This indicates that the slightly negative trend in police is driven by
a significant difference of 2.9% between 2021 and 2022.
In summary, after accounting for state-level trends in spending and the overall general fund size, there is a slight negative trend of 0.35% per year that is driven by a difference of 2.9% between 2021 and 2022.
Finally, let’s see if this difference between 2021 is 2022 is based on a global trend, or whether it is caused by a small number of localities.
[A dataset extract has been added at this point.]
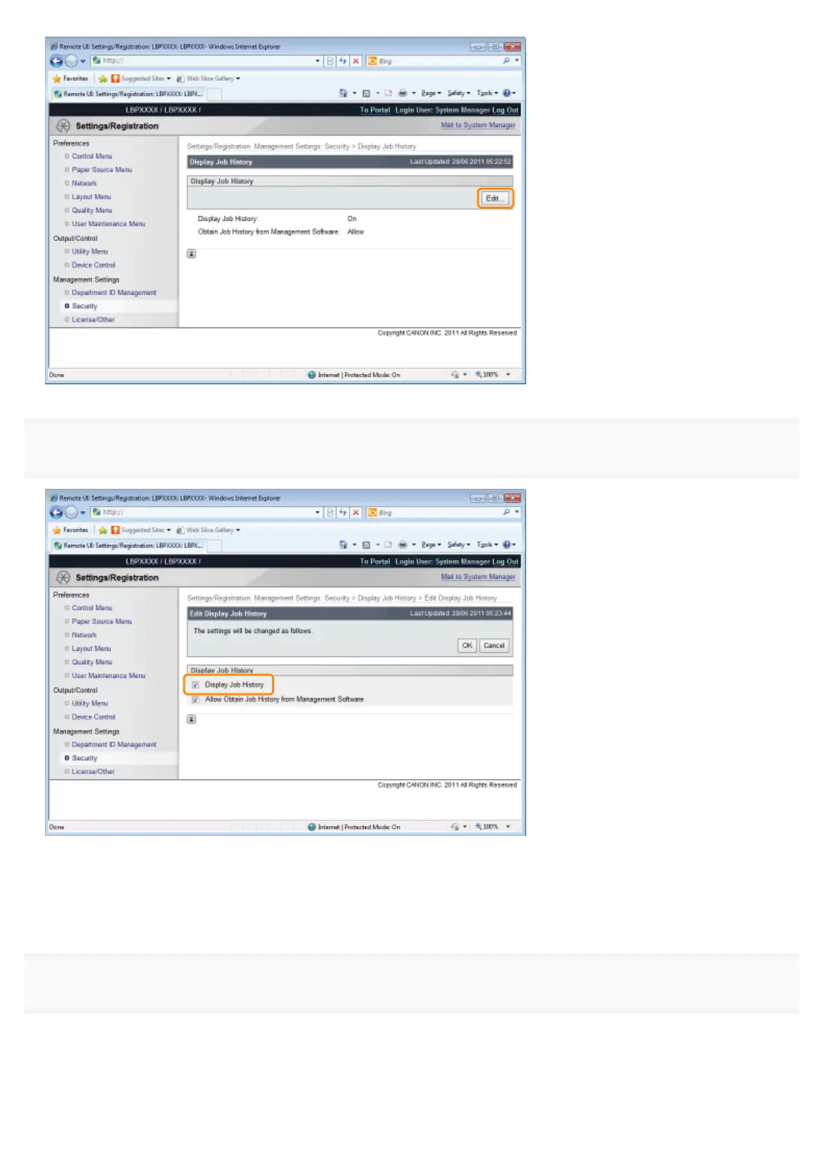 The [Job History] page in the [Status Monitor/Cancel] menu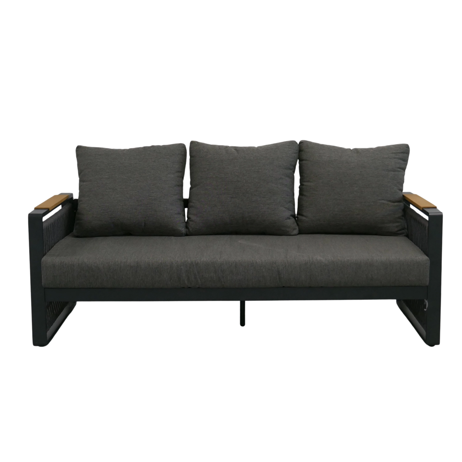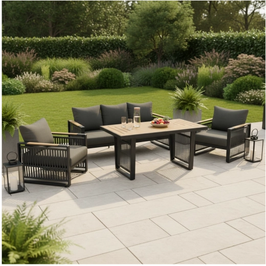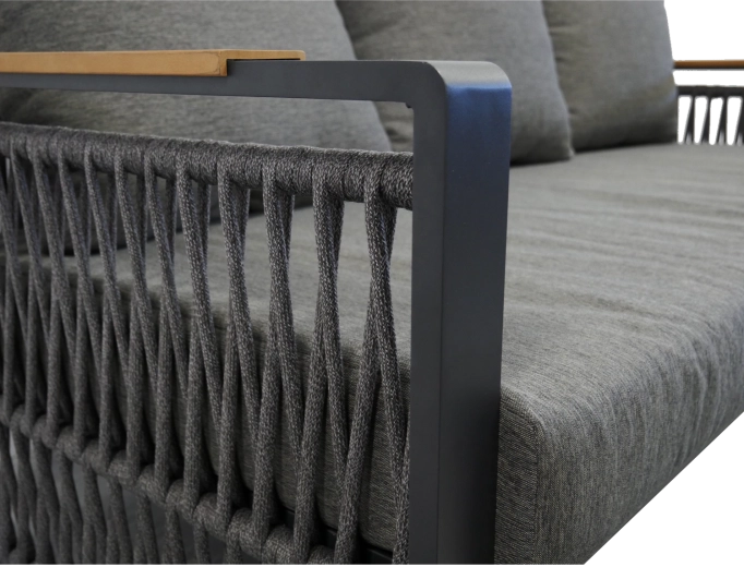 De SKOPJE-set is ontworpen voor dagelijks relaxen en gezellige samenkomsten. De lichte maar stevige aluminium frames met poedercoating trotseren het weer, terwijl het design-touwvlechtwerk en de houtlook polywood op de armleuningen en het tafelblad het premium karakter van de hele set onderstrepen.

#construct data frame of percent change in police between 2021 and 2022
changes <- data.frame(city = data$city[which(data$year == 2021)], state = data$state[which(data$year == 2021)], police_2021 = data$police[which(data$year == 2021)], police_2022 = data$police[which(data$year == 2022)], diff = data$police[which(data$year == 2022)]-data$police[which(data$year == 2021)])
Based on the above histogram, it appears that the difference in the proportion spent on police between 2021 and 2022 is based on a slight global decrease rather than being skewed by a small number of cities. Let’s look at the top 10 cities in terms of decrease.
#reorder and look at top ten changes
changes <- changes[order(changes$diff, decreasing = FALSE), ]
changes[1:10,]## city state police_2021 police_2022 diff
## 19 kingman az 0.3331638 0.1568974 -0.17626638
## 217 lansing mi 0.3396786 0.1738994 -0.16577926
## 149 rexburg id 0.3944476 0.2755132 -0.11893433
## 319 prineville or 0.6301917 0.5265649 -0.10362682
## 146 meridian id 0.3945103 0.3068920 -0.08761834
## 108 ocoee fl 0.2490991 0.1688733 -0.08022573
## 26 tucson az 0.3215839 0.2461993 -0.07538462
## 336 greenville sc 0.2742548 0.2036209 -0.07063386
## 165 south bend in 0.4173746 0.3469710 -0.07040360
## 53 redondo beach ca 0.4446690 0.3766272 -0.06804184
Okay, now let’s check to see what the trend has been for general funds in the same period.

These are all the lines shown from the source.